Option B — No API Keys (Offline Mode)

Set EMBEDDING_PROVIDER=local in your .env file. The system will use a built-in TF-IDF embedding model. Quality will be lower but it works 100% offline. You still need an Anthropic key for LLM answers though.


Installation

Step 1 — Clone the Repository

git clone https://github.com/MayurS23/ai-codebase-intelligence.git
cd ai-codebase-intelligence

Step 2 — Run the Setup Script (Windows)

setup.bat

This will automatically:

  • Create a Python virtual environment (.venv)
  • Install all dependencies from requirements.txt
  • Create your .env file from the template
  • Create required data directories

Step 3 — Configure Your API Keys

Open the .env file in VS Code and fill in your keys:

# ── LLM (Required for answering questions) ──────────────
ANTHROPIC_API_KEY=sk-ant-your-key-here

# ── Embeddings (Required for semantic search) ────────────
EMBEDDING_PROVIDER=openai
OPENAI_API_KEY=sk-your-key-here

# ── Or use local embeddings (no OpenAI key needed) ───────
# EMBEDDING_PROVIDER=local

# ── These defaults work fine, no need to change ──────────
LLM_MODEL=claude-sonnet-4-20250514
EMBEDDING_MODEL=text-embedding-3-small
CHROMA_PERSIST_DIR=./data/chromadb
REPOS_DIR=./data/repos
MAX_FILE_SIZE_KB=500
API_HOST=0.0.0.0
API_PORT=8000

Save the file with Ctrl+S.

Step 4 — Verify Installation (Run Tests)

run_tests.bat

You should see:

50 passed in ~11s

If all 50 tests pass, your installation is complete.


Running the Application

You need two terminals open at the same time.

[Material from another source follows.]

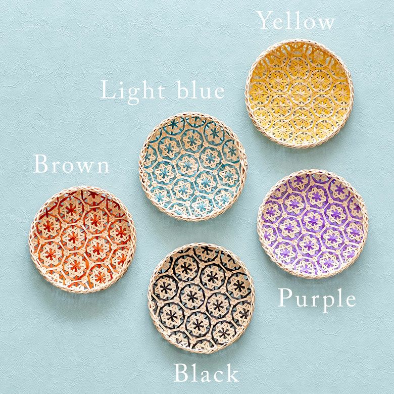 バンブートレイ フードストッカー プレートトレイ 竹細工 トレー トレイ バンブー プレート 直径 約 20cm ブラウン ブラック アイボリー ライトブルー パープル [51310]【 竹 収納 バスケット 花柄 花編み 円 サークル デコレーション パーティー レトロ おしゃれ カラフル ベトナム エスニック アジアン 雑貨 チェーホア Tre hoa 】

Terminal 1 — Start the Backend API

start_backend.bat

You should see:

INFO:     Uvicorn running on http://0.0.0.0:8000 (Press CTRL+C to quit)
INFO:     Application startup complete.

Visit http://localhost:8000/docs to see the interactive API documentation.

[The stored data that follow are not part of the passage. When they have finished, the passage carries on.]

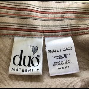 duo Maternity Top Tan with rust & khaki striped collar Buttons up from middle Size Small 100% cotton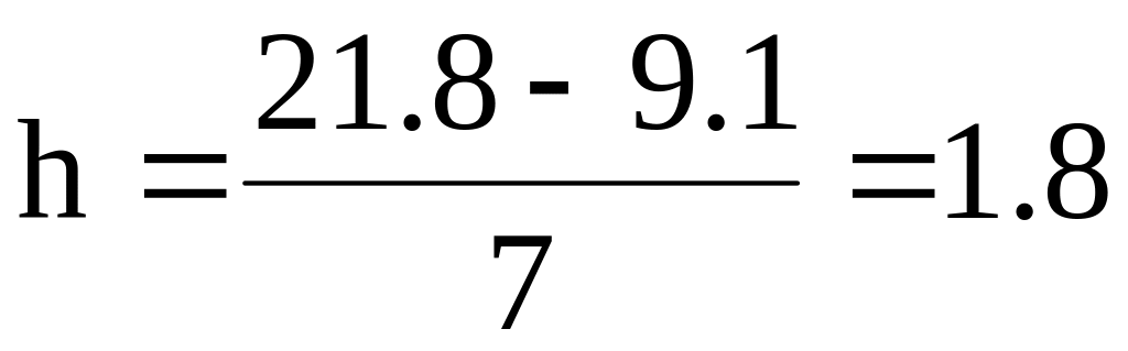 2) Разобьем весь интервал изменения измеренного признака на частичные интервалы длиной h = 2.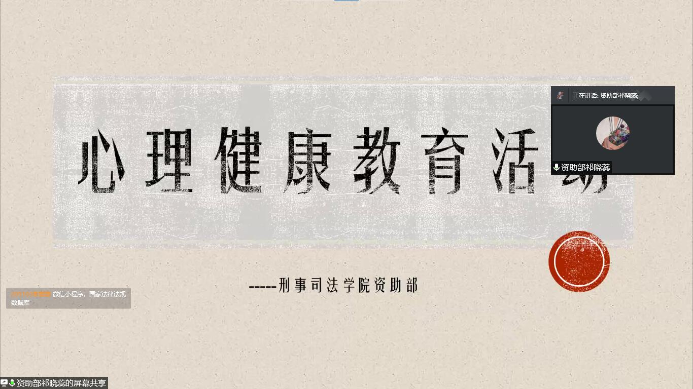 11月26日晚,我院资助部“心理健康教育活动”在腾讯会议以线上方式举行,此次活动由资助部负责人祁晓蕊主持,全体家庭经济困难学生参与。

Terminal 2 — Start the Frontend UI

start_frontend.bat

You should see:

You can now view your Streamlit app in your browser.
Local URL: http://localhost:8501

Open the App

Go to http://localhost:8501 in your browser. 🎉


Using the Application

1. Ingest a Repository

In the sidebar on the left:

  1. Paste any GitHub URL, for example:
    https://github.com/pallets/flask
    
  2. Click ** Ingest Repository**
  3. Wait for processing (1–5 minutes depending on repo size)
  4. You'll see metrics: files scanned, units parsed, chunks stored

2. Ask Questions (Tab 1 — Ask Questions)

Type any question about the codebase:

How does routing work?
Where is the database connection handled?
What does the application factory do?
Which files are involved in request handling?
Explain the templating system

The system will return:

  • A detailed answer with code references
  • The source files it used to generate the answer
  • Call graph context

3. Trace Execution Flow (Tab 2 — Trace Flow)

Enter a function name like full_dispatch_request and click Trace Flow.

You'll see the complete execution path:

→ full_dispatch_request  [app.py]
  → dispatch_request  [app.py]
    → ensure_sync  [app.py]
      → view_function  [views.py]

4. Architecture Overview (Tab 3 — Architecture)

Click Generate Architecture Analysis to get a full system overview including:

  • What kind of application it is
  • Main modules and their responsibilities
  • How modules interact
  • Entry points
  • Design patterns used

5. Graph Explorer (Tab 4 — Graph Explorer)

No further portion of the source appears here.